AI is rapidly changing how we work and what we can do. We’re nowhere near Artificial General Intelligence (AGI). I doubt we’ll get there using current techniques.
But serious money is being made. I know because I’m making some of it. There are public companies in the AI space that are delivering spectacular results.
- Palantir (PLTR) has political advantages, but they were ready for this with their in-depth approach and database training.
- Oracle (ORCL) has overcome its own past stupidity and become a major infrastructure player.
- ServiceNow (NOW) has brought the advantages of AI techniques to “the enterprise,” a term I hate but that refers to large business organizations.
There’s more hype than reality to AI today, but that doesn’t mean there isn’t a lot of reality. The problem is that it’s sometimes lost amidst the hype, with reporters doing “mean girls” stories about CEOs rather than analyzing what’s inside corporate sandboxes.
Incumbents vs. Insurgents

The move by Meta to buy Scale, actually to hire its 28 year old founder Alexander Wang, is of a type. Scale, as the name implies, is in the infrastructure space, where cash flow remains king. Meta has a ton of cash flow, $24 billion in the last year. But does this mean Meta is going to keep its crown?
Not necessarily. That’s because Meta’s markets, like those of Google, are under fierce attack. The kids don’t google things. They ask ChatGPT or Perplexity about things. Social networking is in a bad odor, it’s becoming what grandma and grandpa do, so there’s little growth there.
Both Meta and Google are making money with video, Reels and YouTube. They’re competing here with TikTok and X, especially in the developing world. But guess what? That’s not AI, and it’s certainly not where the big growth is. They’re both successful because they have the necessary digital infrastructure, on both the delivery side and business side. But doesn’t that make them just updated versions of AT&T? I suspect so.

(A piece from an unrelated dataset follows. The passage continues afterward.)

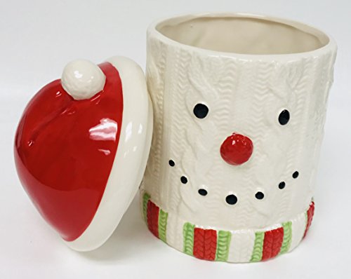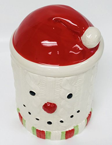 Ceramic Christmas Snowman Cookie | Storage Canister | Textured Cable Sweater Design & A Red Santa Hat Lid | 8 inches x 4.75 inches

Scale may get Meta faster monetization for Reels, but will it change the AI game?
Profits Matter in Software

This is the “great game” AI giants are playing, and they’re losing. OpenAI may bring in $12.7 billion of revenue this year. But it may be spending $27 billion to bring in that money. It’s little things like that from which big crashes grow. If OpenAI can’t narrow the gap, investors could sour on the whole AI complex, which is driven by hype, by hope, and by the promise of unlimited growth.
While everyone is looking at “big software” to dominate, like Large Language Models, I suspect it’s “little AI” that will make the profits. I’m talking about targeted solutions, small databases, agents, things that drive productivity and programs that don’t think they’re real boys and girls.
For me, that makes ServiceNow the one to watch. Small databases and agents are their meat. They’re making big profits there right now, helping customers implement successful agent systems, building out what it calls an operating system for agent software.
AI is not a product of clouds. It’s a product of databases. ServiceNow CEO Bill McDermott has been in the database game for over 20 years, and his are the results I’m going to be looking at most closely over the next year, to see where AI is really going.